Development to date of the multi-purpose AUVAlistar 3000 by ECA has culminated in a 10-day deepwater pipeline inspection trial for BP America Production Co. in the King field in the Gulf of Mexico. In mid-2006, the Alistar 3000 completed a pre-programmed inspection mission with no physical link to the surface.
The trials were supported by ECA’s US partner Harvey Lynch Inc. from an Oceaneering vessel hired by BP. The runs included several missions at 1,356 m (4,450 ft) on a 229 mm x 330 mm (9 in. x 13 in.) flowline.

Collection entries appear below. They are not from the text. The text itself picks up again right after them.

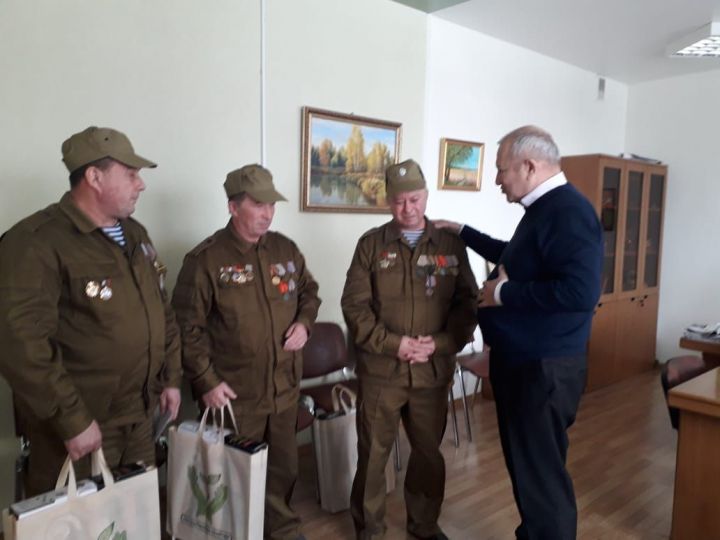 30 еллык хәтер-юбилей уңаеннан һәркайсын котлап, тыныч тормыштагы хезмәтләре өчен рәхмәт әйтеп, бүләк пакетлар тапшырды.
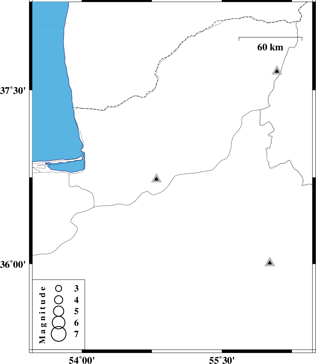 | 2013/07/15 | 00:23:25.8 | 04:53:25.8 | 36.75 | 54.97 | 18 | ML:3.1 | Golestan Province, 19 km South-East of Ali Abad |
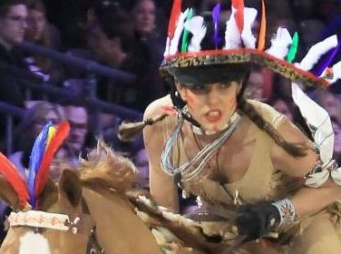 Con un rossetto rosso fuoco e un costume da indiana d'America, Charlotte Casiraghi lascia il pubblico del Gucci Paris Masters 2012 a bocca aperta: icona di stile e di bellezza, la principessina a cavallo offre un'immagine di sé diversa dal solito. Copricapo piumato, treccine laterali e collane esaltano ancora di più i tratti del suo luminoso viso.
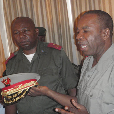 Le chef d’état major général Didier Etumba montre les nouveaux insignes militaires aux officiers FARDC
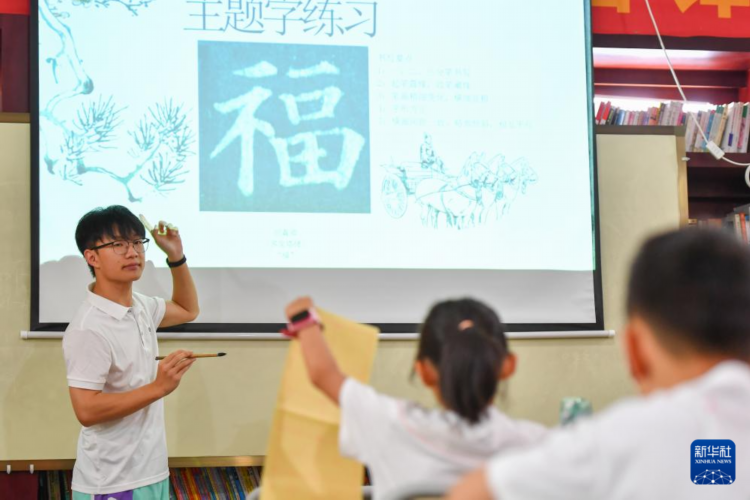 8月7日,在长沙市望城区月亮岛街道黄都港社区,志愿者在给小朋友上书法课。
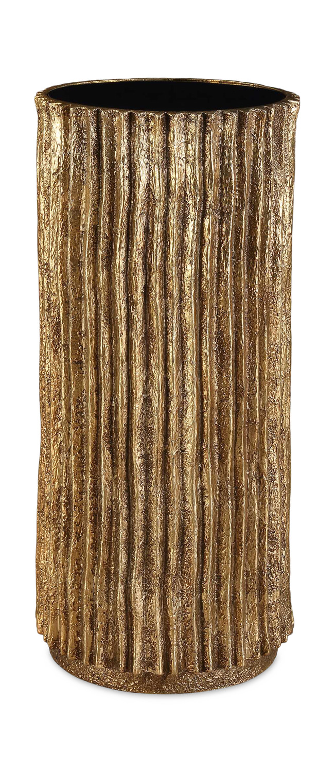 Elevate your space with the striking design of the Echo Brass Drink Table from HOM Furniture. This petite drink table makes a bold statement with its unique waterfall textures, adding a touch of drama to any room. The heavily textured antique gold finish exudes elegance, while the black glass top provides a sleek contrast. Crafted by Uttermost, a renowned brand for quality and sophistication, this accent table showcases impeccable craftsmanship and attention to detail. The brass color brings a touch of luxury and warmth to your decor, creating a sophisticated ambiance in your home.

The vehicle capabilities were confirmed for the following:
- Accurate repositioning close to seabed after the descent phase
- Keeping an acoustic supervision from the surface throughout the mission
- Validating a sophisticated mission management system
- Finding and “locking” onto a pipeline after a searching phase
- Tracking and closely following a pipeline between 1 and 2 m (3.28 and 6.56 ft) above the pipe enabling recording of high quality video images of the pipeline
- Detecting and carrying out close inspection of an anomaly using dedicated patterns
- Safely being recovered to the surface.
System description
TheAlistar 3000’s main characteristics are a length of 5 m (16 ft), a maximum body diameter of 1.2 m (4 ft), an overall height of 1.5 m (4.9 ft), total weight of 2,100 kg (4,630 lb) including up to 200 kg (441 lb) payload, and an operating depth of 0-3,000 m (0-9,842 ft).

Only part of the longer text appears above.